*** Opening of DATA SECTION ***
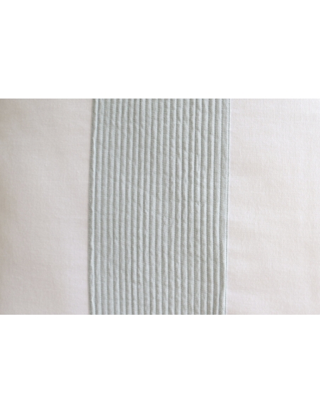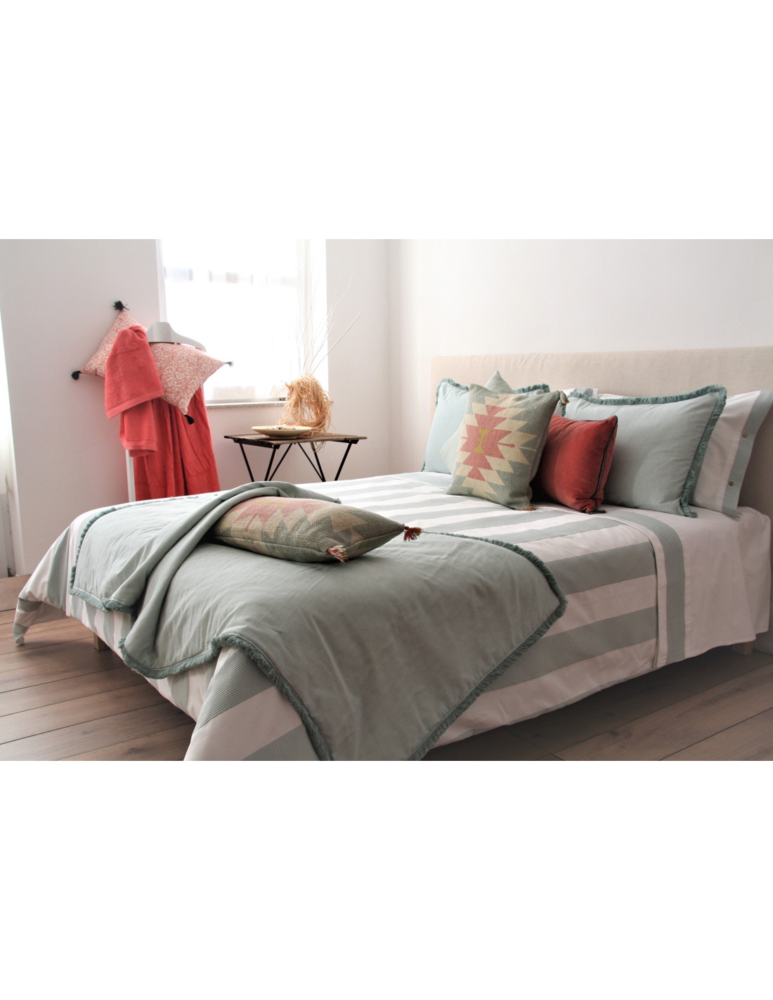 La funda se cierra con una solapa de 0,45 cm en la parte inferior para colocar debajo del colchón o hacer un sobre, evitando que se resbale. Y los cojines se cierran con botones a ambos lados.
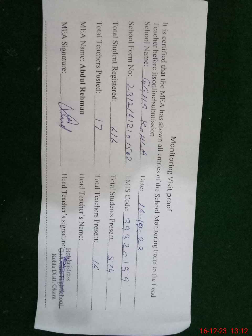 | Name: KI**** NA**** Designation: (School Headmaster's/Headmistress's) S.S.T.(Science) Phone/Cell Number: 03**** |
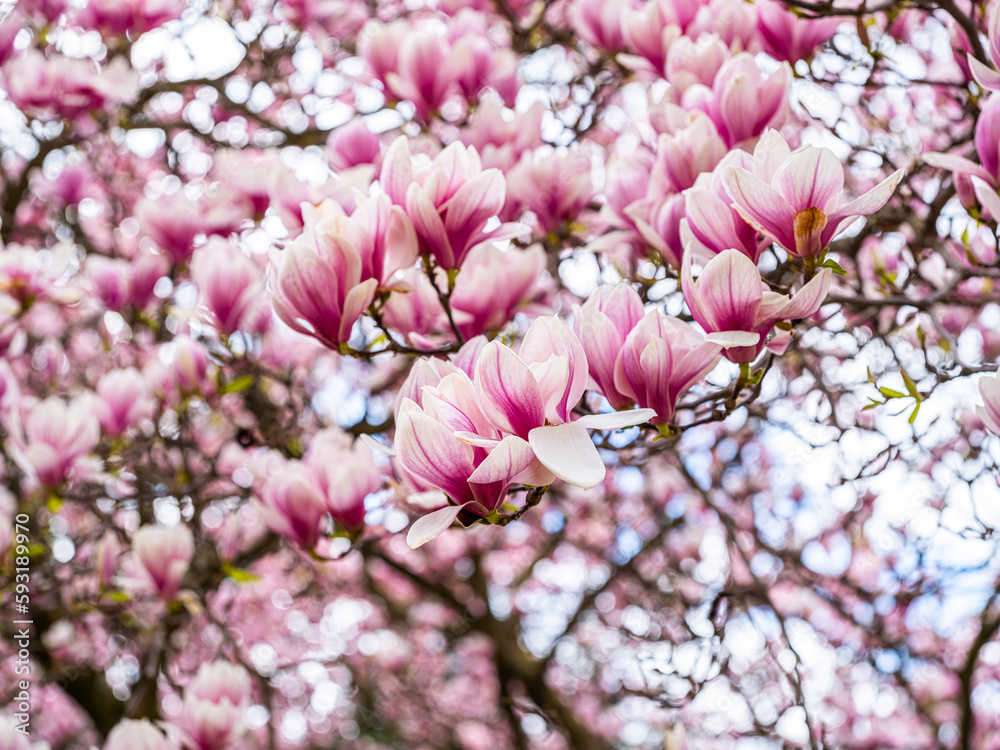 magnolia tree blooming. pink flowers
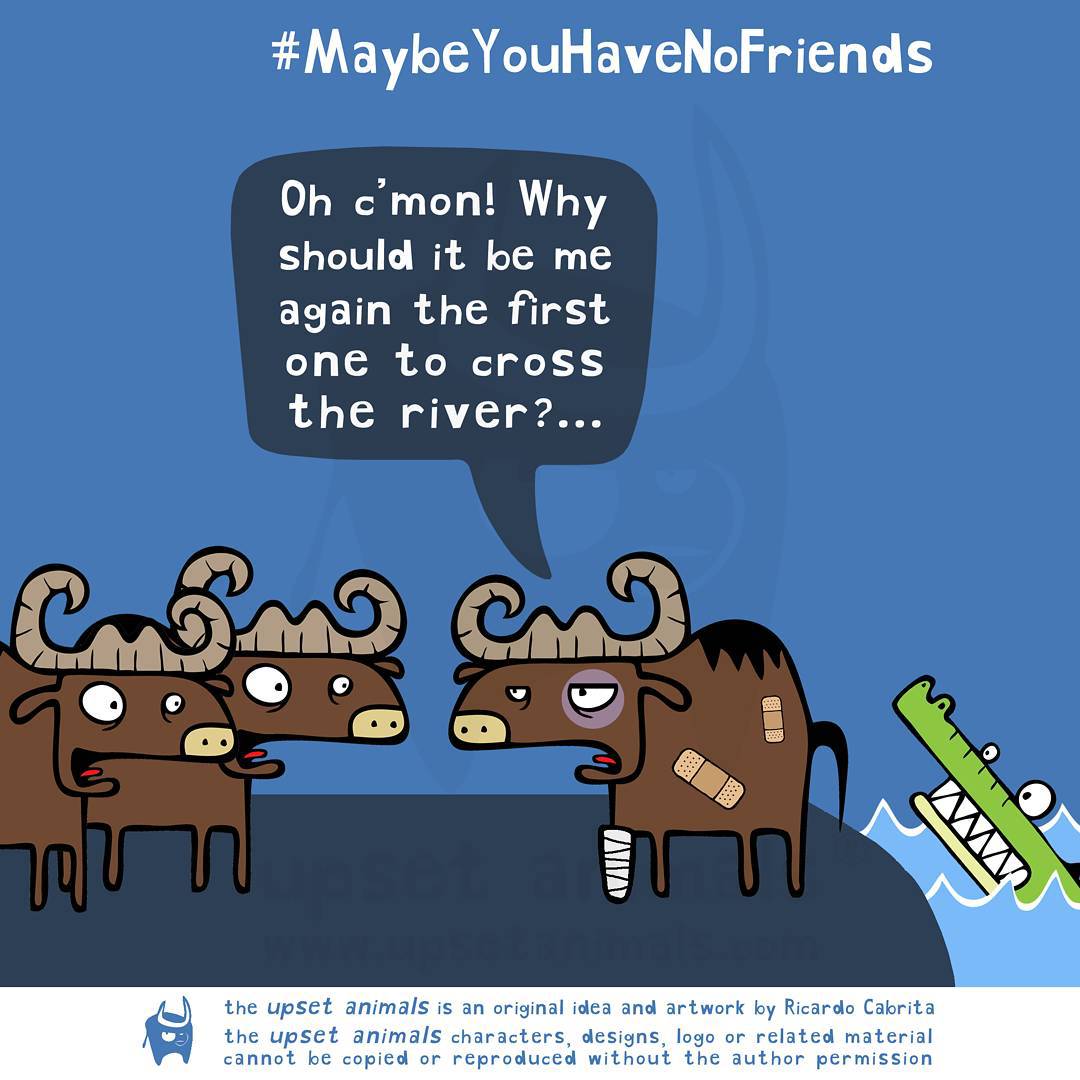 1. 「喔,拜託!為什麼每次都是我第一個當渡河的那個?」
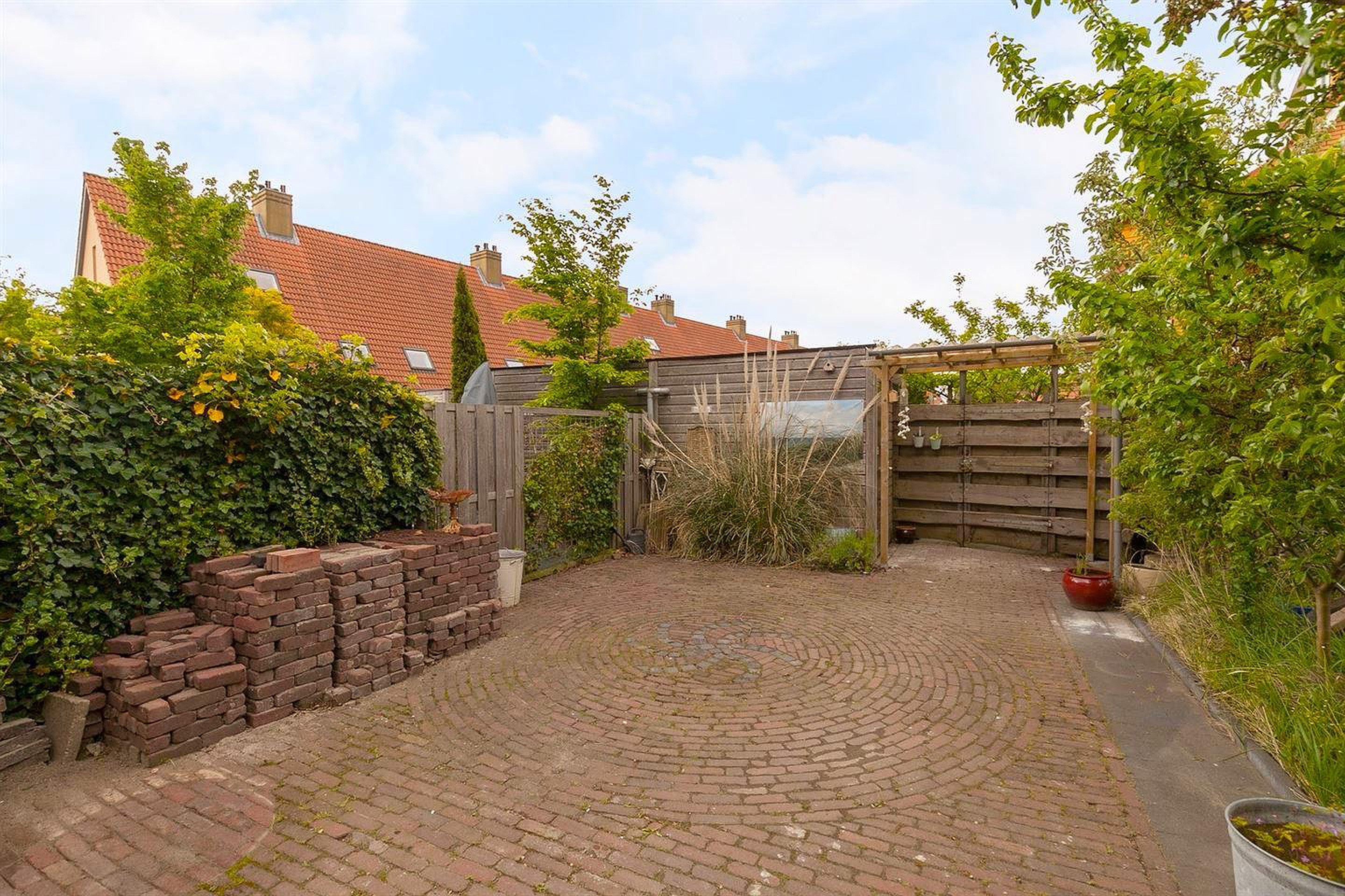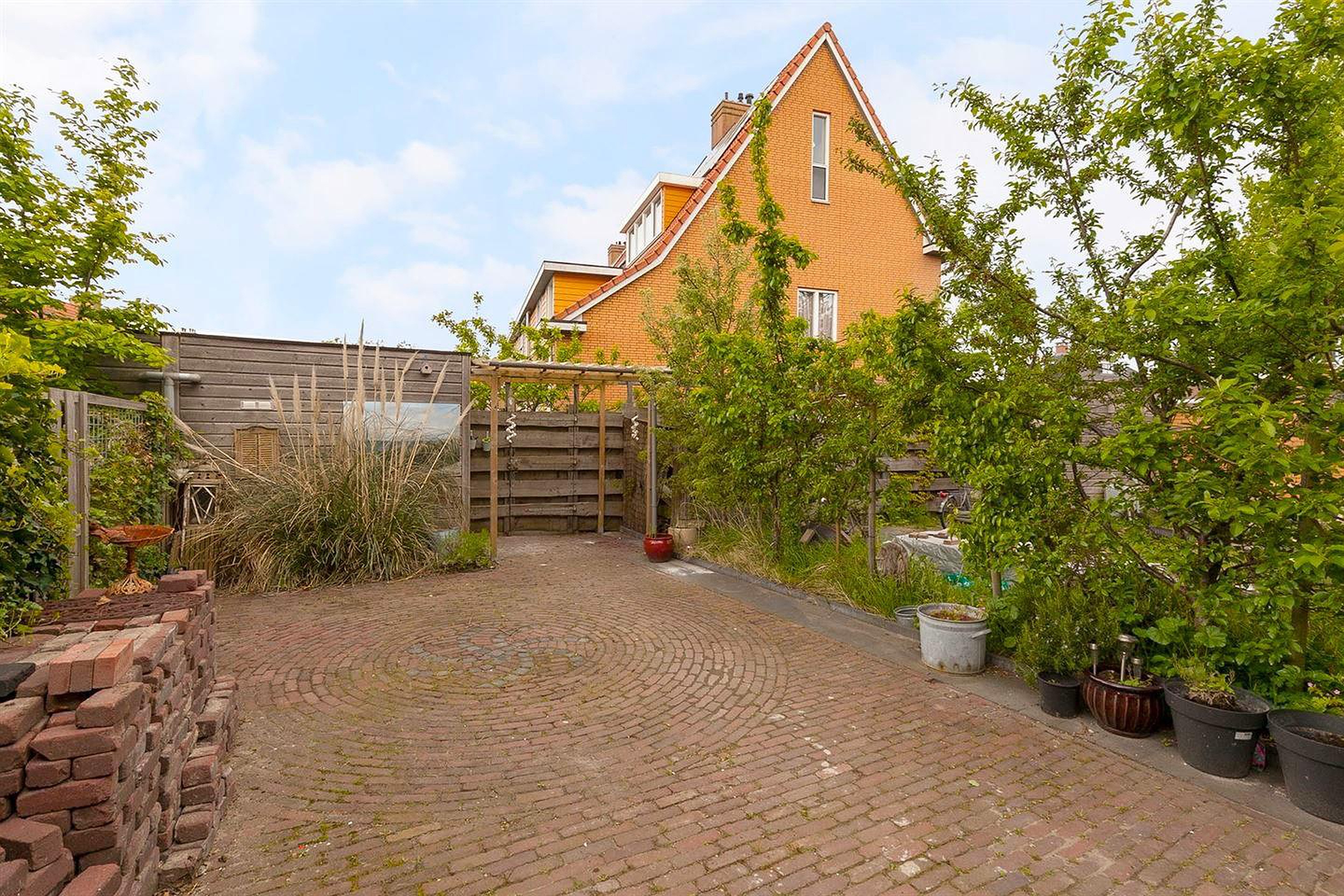The lovely, sunny back garden faces southwest and is spacious (approx. 55 m2). A true delight. This garden is spacious, neatly tiled, and has rear access. There's also a shed for your bicycles, etc. The beautiful trees line the property line.
*** Close of DATA SECTION ***
ACTIVITY:
From the line containing "Number: 03**** |" down to the final line of the records above, restate every line word for word, add nothing, and skip the pictures.

WRITTEN REPLY:
 | Name: KI**** NA**** Designation: (School Headmaster's/Headmistress's) S.S.T.(Science) Phone/Cell Number: 03**** |
 magnolia tree blooming. pink flowers
 1. 「喔,拜託!為什麼每次都是我第一個當渡河的那個?」
The lovely, sunny back garden faces southwest and is spacious (approx. 55 m2). A true delight. This garden is spacious, neatly tiled, and has rear access. There's also a shed for your bicycles, etc. The beautiful trees line the property line.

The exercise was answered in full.